I take my knowledge for granted

 

Called my mother the other day. And she took off telling me a story.

Anyone that knows my mother understands this idea. A delightful and wonderful woman, if you engage her in conversation, she can make a cup of coffee not only the highlight of your year, but something that could last four or five hours. A very special woman.

She also can get sidetracked. I am not kidding, exaggerating or making this up. One day we were discussing her heading out to pick up a prescription and landed in the middle of a conversation about my favorite candy as a child.

As we began talking that day, the subject was errands of the day. The place she was headed for her prescription was the same drug store that had previously been operated across the street from its current location when I was growing up. And you know those family neighborhood drug stores that serve a community for generations. Pharmacy. Greeting cards. Areas featuring a small assortment of office supplies, cleaning products, and so on. Type of place that was the catch all for everything.

Prescription? Neighborhood drug store.

Poster board and glue for a school project? Neighborhood drug store.

Local twice a week newspaper? Neighborhood drug store.

Band aids? Neighborhood drug store.

Sure, there were aisles you rarely ventured toward, and some you never needed. But for the most part it was kind of the general store of my youth. A little bit of everything on the other side of the same door.

She started with that prescription. That led to talking about the pharmacist, and over to grabbing a sympathy card, and did I remember when it used to be across the street and we picked out special occasion cards for my grandparents, and eventually curled around to asking if I remembered when we would go in when I was really young and on most stops would be allowed to select one candy bar for myself.

Decisions, decisions, likely worthy of an essay all its own. But there you have it, my mother moving from a prescription refill on Friday back more than forty years to an eight-year-old weighing M&Ms against Milky Ways, with the possibilities of the rarely selected but always enjoyed other sweets sitting there on the shelves as well.

On the particular day that our essay begins, she was winding down themes and shooting off on tangents. And it just so happened, she was driving around the southern parts of Rhode Island, hitting some landmarks, and eventually came back around to discussing Gaspee Days.

For those of you that aren’t connecting with Gaspee Days, it’s a local celebration held in Rhode Island each year. Since everyone can identify with a reason for holding an annual barbecue, Gaspee Days tends to be a big local deal.

In 1772, a British ship, the HMS Gaspee, ran aground in Warwick. While stranded, it was burned. This attack took place more than a year before the Boston Tea Party.

That’s a really simple explanation of events that are sometimes referred to as the “first blow for freedom”, but in a way, I want to leave it right there. First, because I’d love it if you wanted more information and were motivated to investigate it on your own. Second, because the Gaspee is not the central figure in this particular effort.

My mother will zip around and hit on touchstones. Occasionally it means she’ll mention something like the Gaspee, and whether or not you recall the history involved, she’ll keep moving along as if you absolutely do.

At times, she loves mentioning the candy store. The candy store. It took me a couple of phone calls before I realized that… and yeah, for me, DUH… she was talking about heading out on a walk with my father, and just up the road from our house was a place that we visited in the summers as kids because of the selection of penny candy.

Candy store aside, often her leading the conversation and quickly shifting to different ground leads to moments where I get lost. Because while I’m trying to figure out the church or farm or whatever she’s referencing, she’s zipped past five other items and developed two separate storylines that are running in parallel.

The problem for me isn’t keeping up with her though. Usually, I actually can. It’s that I get upset with myself for not recognizing some of the things she mentions so casually and confidently. Rhode Island isn’t exactly a huge state. And when I mention something my mother might have mentioned to my wife, many times she recognizes it immediately, and then turns to me with a look that suggests surprise that I didn’t… well… yeah.

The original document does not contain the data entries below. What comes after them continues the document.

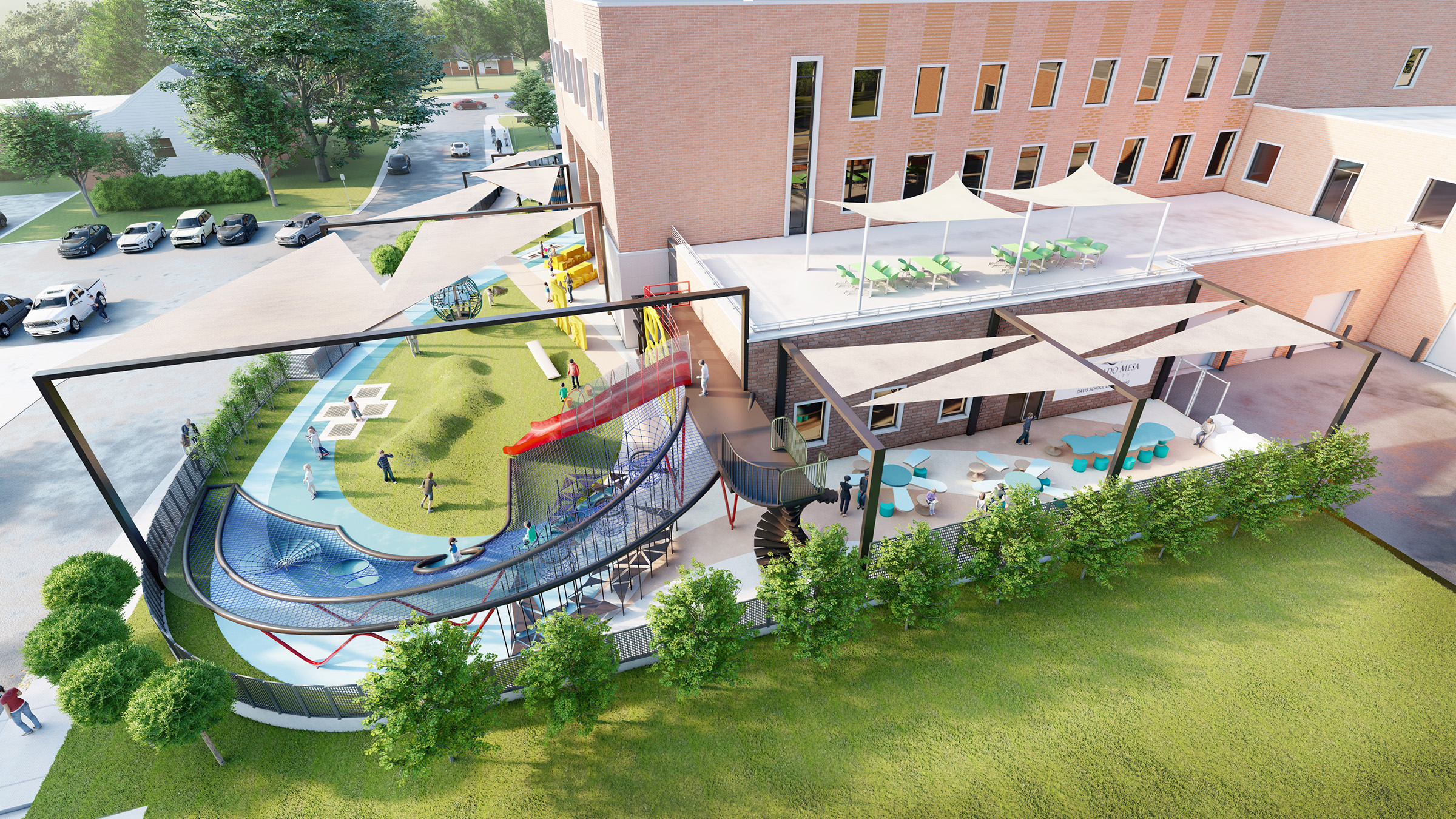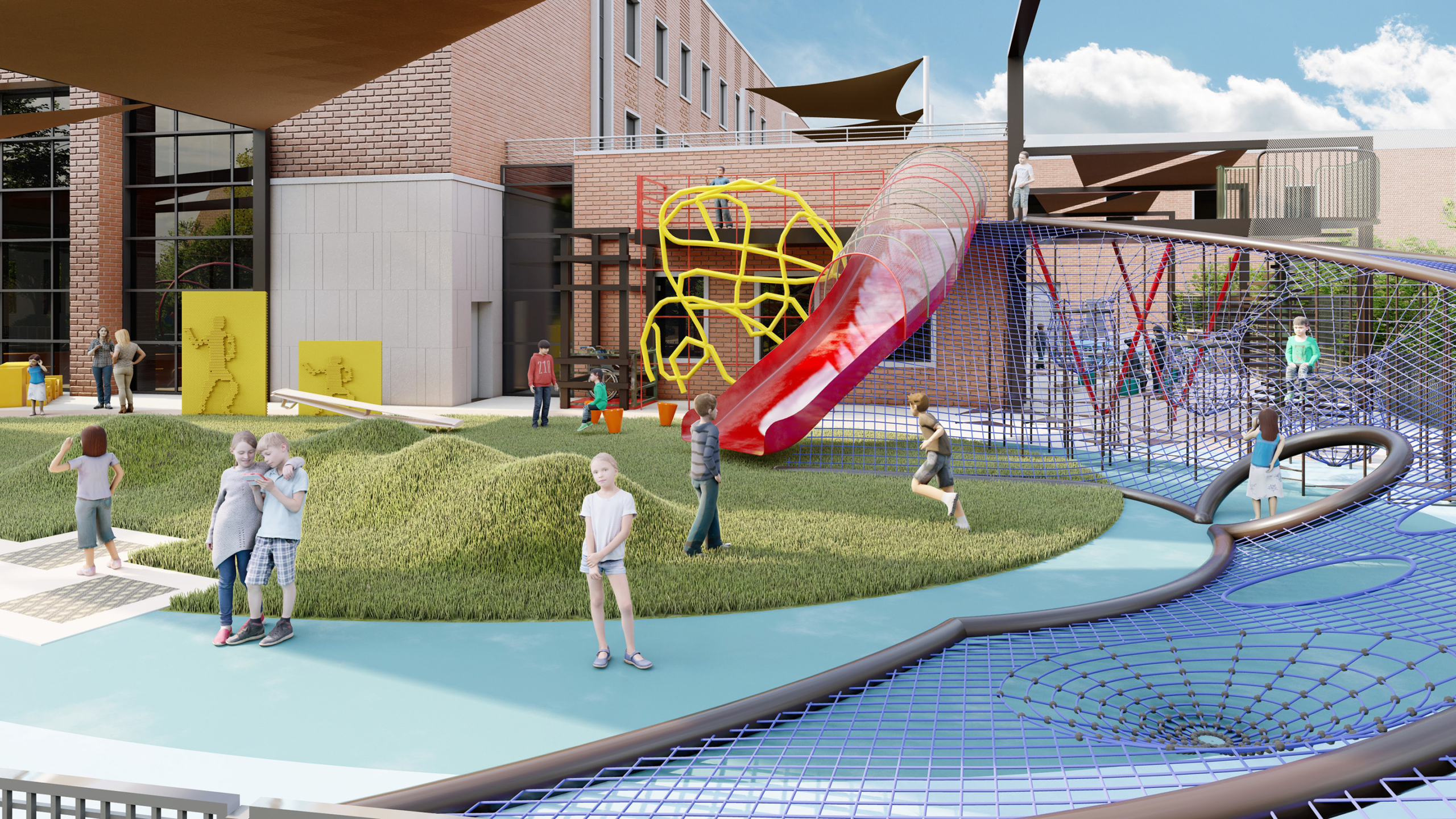 Connect One and museum staff chose the theme “cause and effect” to guide the design and Connect One worked to incorporate sensory play, open-ended play, musical play, and experimentation with motion into the play features, which included a large net climber, human-powered lift, vacuum tube, chime forest, sensory rollers, a roller table, kid-activated misting feature, spinning climber, seesaw, in-ground trampoline, and berm slide. JVA provided civil engineering services to integrate construction expertise and knowledge into the design phase of the project.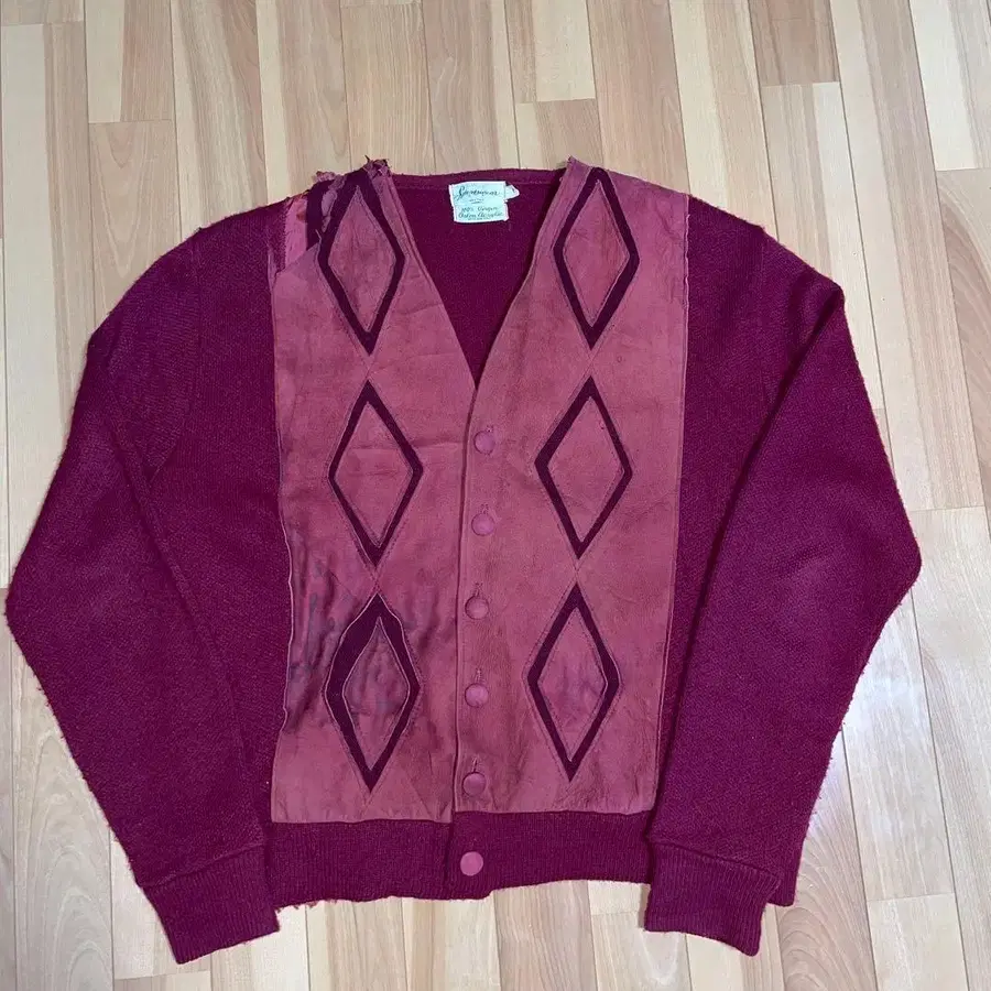 60s~70s USA 스웨이드 절개 Orlon Acrylic 와인 레드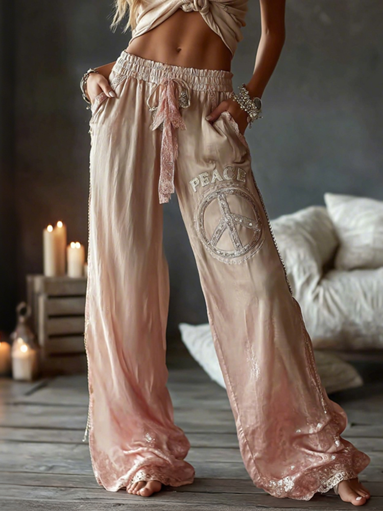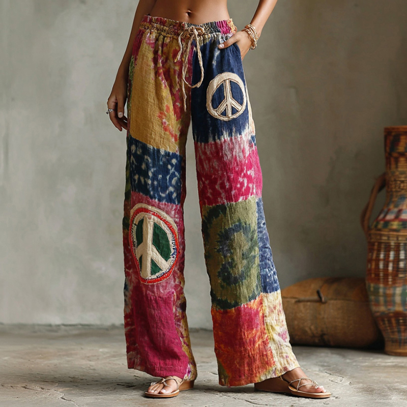 Women's Vintage Peace Sign Bird Hippie Art Print Casual Round Neck Short Sleeve T-shirt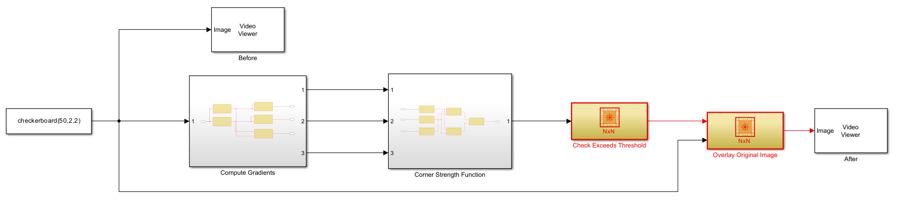 The model marks any pixel with a positive values as a corner, and uses two Video Viewer blocks from Computer Vision Toolbox™ to display the image with and without the corner markings.
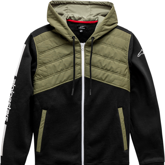 Caracteristicas: 80% Cotton / 20% Polyester, 280g/m2 Poly fill quilted front yoke panel with poly overlay, fleece body Reverse coil zipper at front, welt pockets with overlay Rib cuffs and hem Internal main label and external label branding Print Logo at sleeve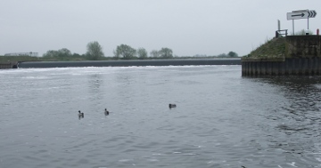 The two men were attempting to fish in the tidal section of the river just below the powerful weir, it what can only be described as a 'skimpy' boat, Alan Tilbury reports.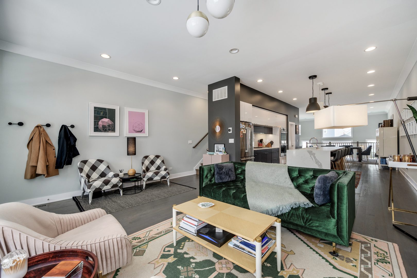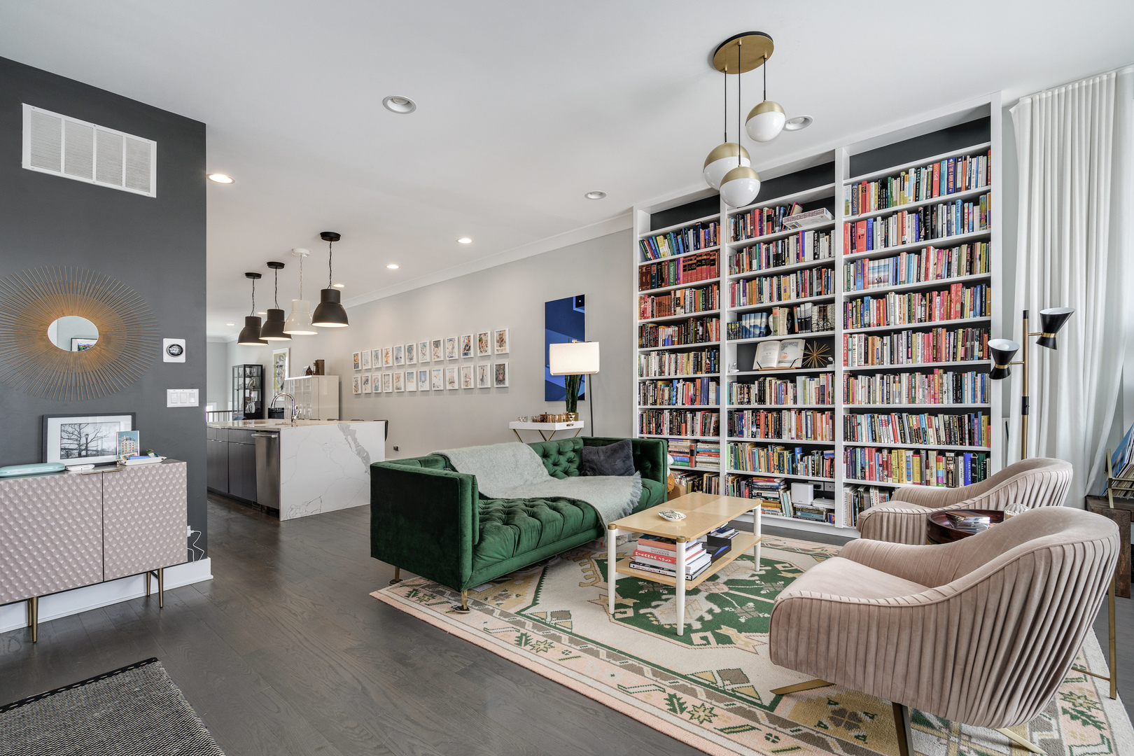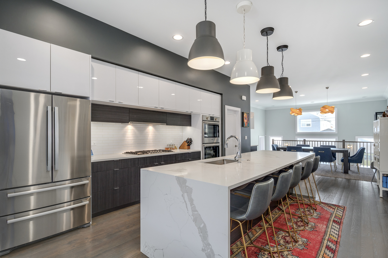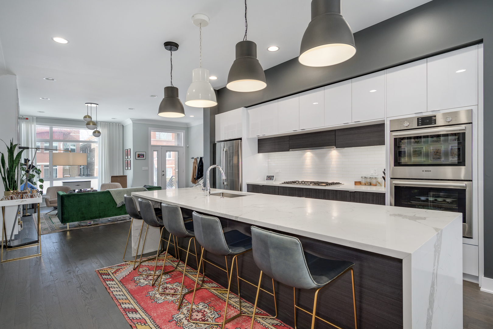 Nestled in the heart of the Bridgeport Arts District, sits this 3700+ square foot, better than new single-family home. With wonderfully large east and west facing windows, your main living level features bright and open living spaces, perfect for entertaining. The front living area offers floor to ceiling custom bookcases, offering the perfect place for storage and display. A very well-appointed, centrally located kitchen features double ovens, ample cabinetry and pantry storage, as well as a large island with bar seating. The greatroom and dining area offers a fireplace a well as additional cabinetry and counter space, dual wine and beverage refrigeration, along with a stylish backsplash. Completely open from front to back, the main level gets wonderful amounts of natural light and allows for an easy layout for hosting and entertaining. A perfectly updated designer powder room completes the main floor. The second level has three gracious bedroom suites including the primary bedroom with a full wall of custom closet space, along with a spa-like bathroom with a separate shower, soaking tub, and dual vanity. The perfectly appointed lower level has two more bedrooms, one currently outfitted as a home gym, plus another cozy family room with a wet bar and beverage center. The stylishly designed and hardscaped backyard is the perfect place for summer gatherings and also leads to the two-car garage. An easy walk to so many great restaurants, parks, and Guaranteed Rate Field!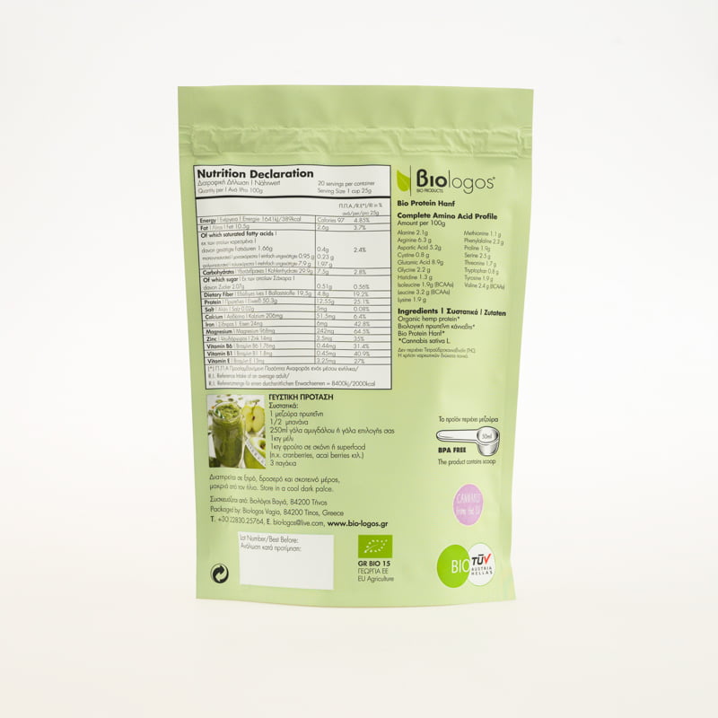Η Πρωτεΐνη Βιομηχανικής Κάνναβης «Βιολόγος» είναι μια πολύτιμη πηγή φυτικών πρωτεϊνών, μετάλλων και Ωμέγα-3 και 6 λιπαρών οξέων. Περιέχει 50% πρωτεΐνη υψηλής βιολογικής αξίας και 21 αμινοξέα, συμπεριλαμβανομένων των 9 απολύτως απαραίτητων. Επιπλέον, έχει υψηλή περιεκτικότητα σε σίδηρο και μαγνήσιο. Ιδανική για ένα δυναμικό πρωινό ξεκίνημα.
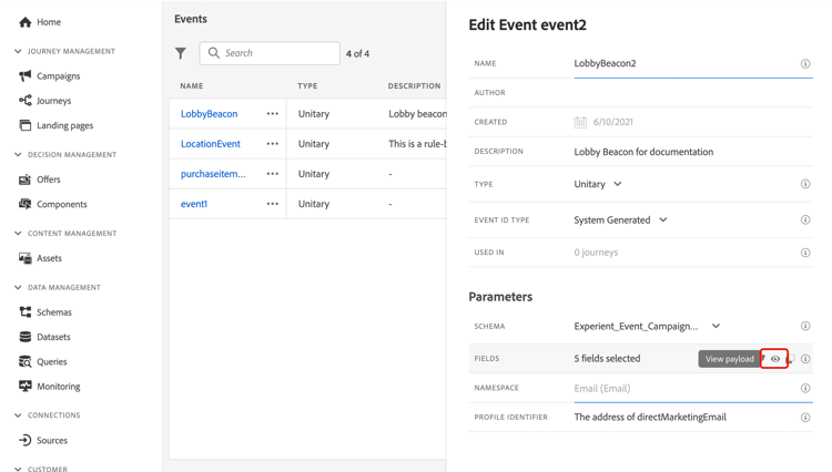 note note NOTE 시스템 생성 이벤트의 경우 에서 이벤트를 식별할 수 있도록 선택한 필드 목록에 eventIDJourney Optimizer 필드가 자동으로 추가됩니다. 이벤트를 푸시하는 시스템은 ID를 생성하지 않아야 하며 페이로드 미리 보기에서 사용할 수 있는 ID를 사용해야 합니다. 이 섹션을 참조하십시오. -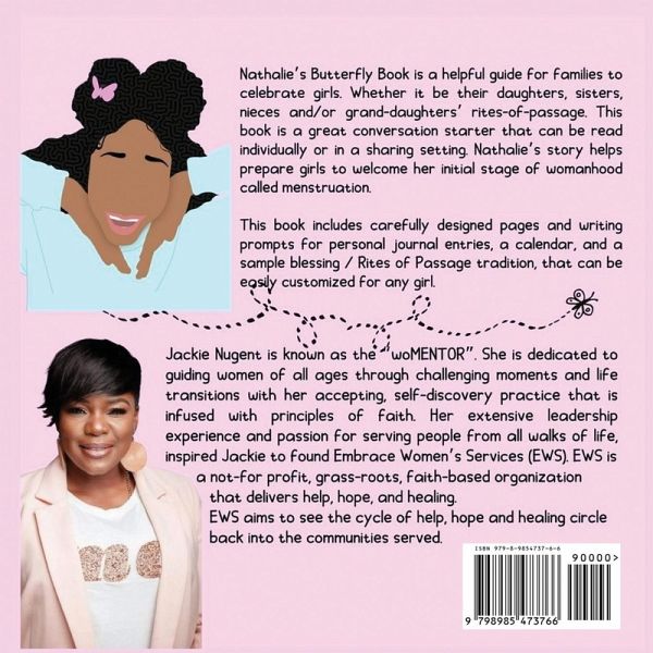 Nathalie's Butterfly Book is a helpful guide for families to celebrate girls. Whether it be their daughters, sisters, nieces and/or grand-daughters' rites-of-passage. This book is a great conversation starter that can be read individually or in a sharing setting. Nathalie's story helps prepare girls to welcome her initial stage of womanhood called menstruation. This book includes carefully designed pages and writing prompts for personal journal entries, a calendar, and a sample blessing / Rites of Passage tradition, that can be easily customized for any girl.
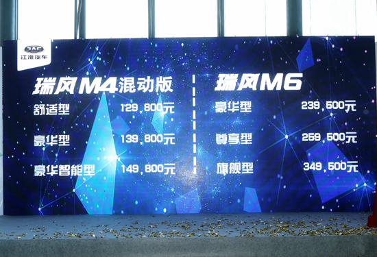 12月16日,中国首款混合动力MPV——江淮瑞风M4HB混合动力车型和私享定制级MPV——瑞风M6在举行了河南省首发上市发布会。发布会现场公布了瑞风M4的价格:售价12.98万元-14.98万元。瑞风M4混动版采用高效的1.5TGDI直喷增压汽油机+Hyboost混合动力系统,令这款长达5.2米的MPV油耗可低达7.4升/百公里,成为大中型MPV市场上最为经济和环保的选择。瑞风M6售价23.95万-34.95万,以“私享定制”的产品定位诠释瑞风“MPV制造专家”的品牌精髓,也为江淮品牌持续向上突破提供新的动力源泉。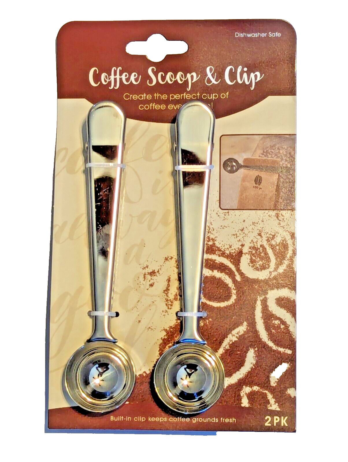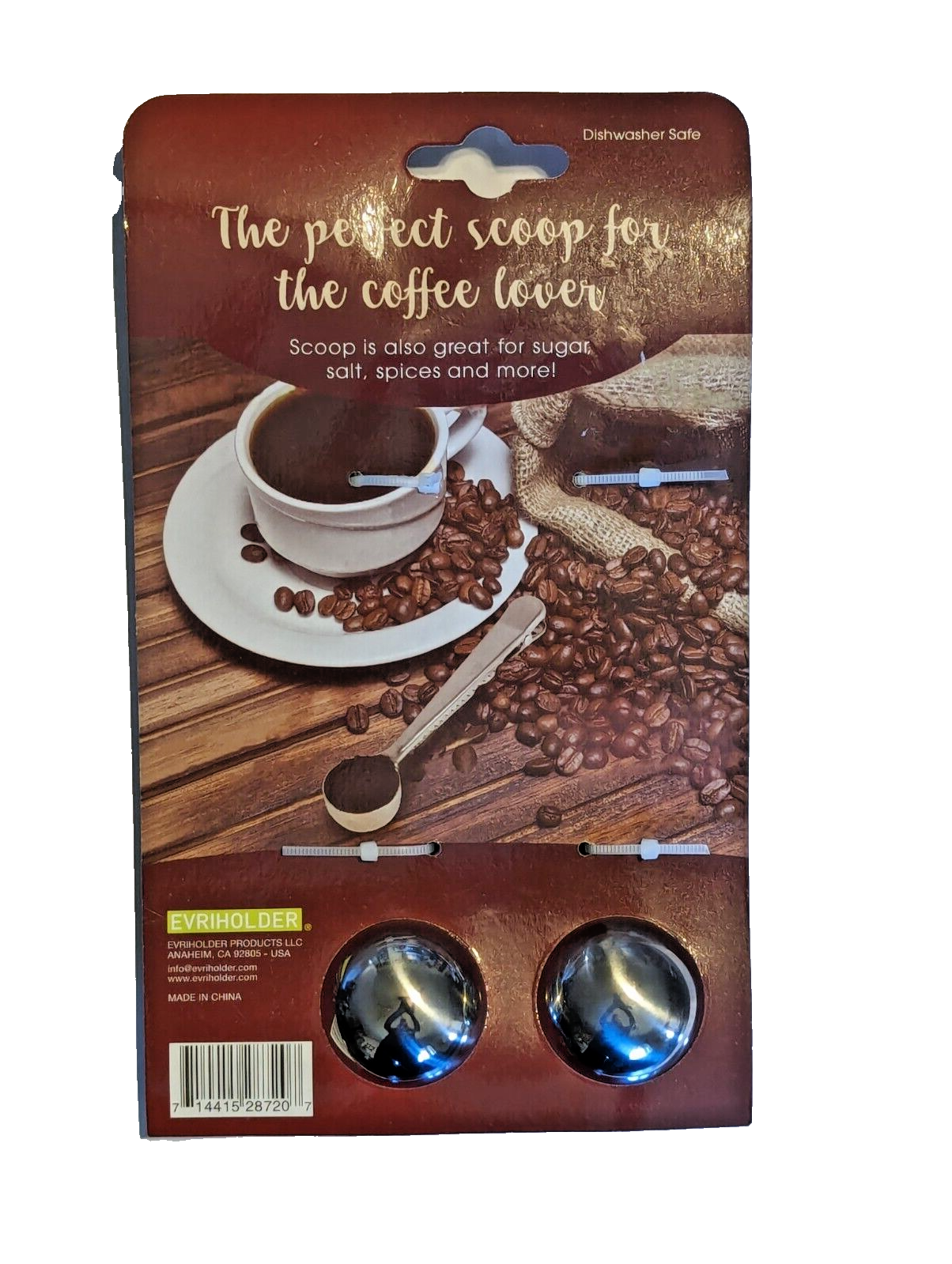 - Coffee Scoop and Sealing Bag Clip 2-Piece Stainless Steel Silver Color NIP
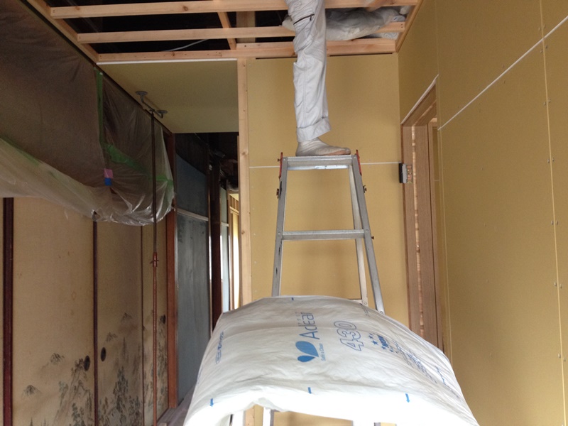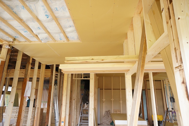 【三郷市】A様全面改修工事,天井ボード施工と屋根工事がはじまりました。

Many, many years ago, I was having a conversation with one of the kids. (It was either Jay or Justin, and I don’t want to embarrass Justin by specifically naming him. Ok? Besides, I’d be willing to bet our conversation sounds remarkably similar to many you can recall in some fashion for yourself.)

We were talking about schoolwork and memorizing things. And, darn it, apparently it was hard. So, I asked him how hard it was to memorize the button combinations to generate special results when he was playing video games. And then I asked him if it was hard to do math when he was adding up money we owed him for this or that and arriving at a fairly grand total for a seven-year-old. Sure appears to be a lot easier to remember things or do math or whatever when you have an interest in the material.

Truth be told though, I understand where Justin is coming from. I can talk about things I know and love and understand. Given the right circumstances, I’ll follow in my mother’s footsteps and weave a connection between a backpack, a ten-year-old on a plane for the first time, Disney World, and a sunrise stop along a back road that connects highways at a North Carolina McDonald’s.

But for all the strange trivia and assorted knowledge that has built up from education and from experience, I can’t shake the things that occasionally present as something I should know. Like the story of a German submarine sunk near Block Island toward the end of World War II.

Sounds familiar. Also sounds vague enough that I don’t know if it is familiar.

Looks like I still have some homework left to do.